14. The Sunar as money-changer
Formerly Sunars were employed for counting and testing money in the
public treasuries, and in this capacity they were designated as Potdar
and Saraf or Shroff. Before the introduction of the standard English
coinage the money-changer's business was important and profitable,
as the rupee varied over different parts of the country exactly
as grain measures do now. Thus the Pondicherry rupee was worth 26
annas, while the Gujarat rupee would not fetch 12 1/2 annas in the
bazar. In Bengal, [656] at the beginning of the nineteenth century,
people who wished to make purchases had first to exchange their
rupees for cowries. The Potdar carried his cowries to market in
the morning on a bullock, and gave 5760 cowries for a new _kaldar_
or English rupee, while he took 5920 cowries in exchange for a rupee
when his customers wanted silver back in the evening to take away with
them. The profit on the _kaldar_ rupee was thus one thirty-sixth on
the two transactions, while all old rupees, and every kind of rupee
but the _kaldar_, paid various rates of exchange or _batta_, according
to the will of the money-changers, who made a higher profit on all
other kinds of money than the _kaldar_. They therefore resisted the
general introduction of these rupees as long as possible, and when
this failed they hit on a device of marking the rupees with a stamp,
under pretext of ascertaining whether they were true or false; after
which the rupee was not exchangeable without paying an additional
_batta_, and became as valuable to the money-changers as if it were
foreign coin. As justification for their action they pretended to
the people that the marks would enable those who had received the
rupees to have them changed should any other dealer refuse them, and
the necessities of the poor compelled them to agree to any _batta_
or exchange rather than suffer delay. This was apparently the origin
of the 'Shroff-marked rupees,' familiar to readers of the _Treasury
Manual_; and the line in a Bhat song, 'The English have made current
the _kaldar_ (milled) rupee,' is thus seen to be no empty praise.

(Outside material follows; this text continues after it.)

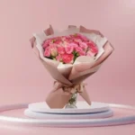 باقة أكاليل الورد – باقة ورد طبيعي وردي مع أقحوان أبيض
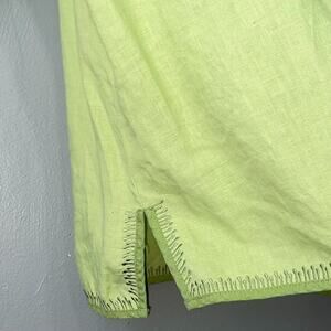 Chartreuse Linen Button Up Shirt Womens Size 14 Green Embroidered Beachy Chic

15. Malpractices of lower-class Sumars
As the bulk of the capital of the poorer classes is hoarded in the
shape of gold and silver ornaments, these are regularly pledged when
ready money is needed, and the Sunar often acts as a pawnbroker. In
this capacity he too often degenerates into a receiver of stolen
property, and Mr. Nunn suggested that his proceedings should be
supervised by license. Generally, the Sunar is suspected of making
an illicit profit by mixing alloy with the metal entrusted to him by
his customers, and some bitter sayings are current about him. One of
his customs is to filch a little gold from his mother and sister on
the last day of Shrawan (July) and make it into a luck-penny. [657]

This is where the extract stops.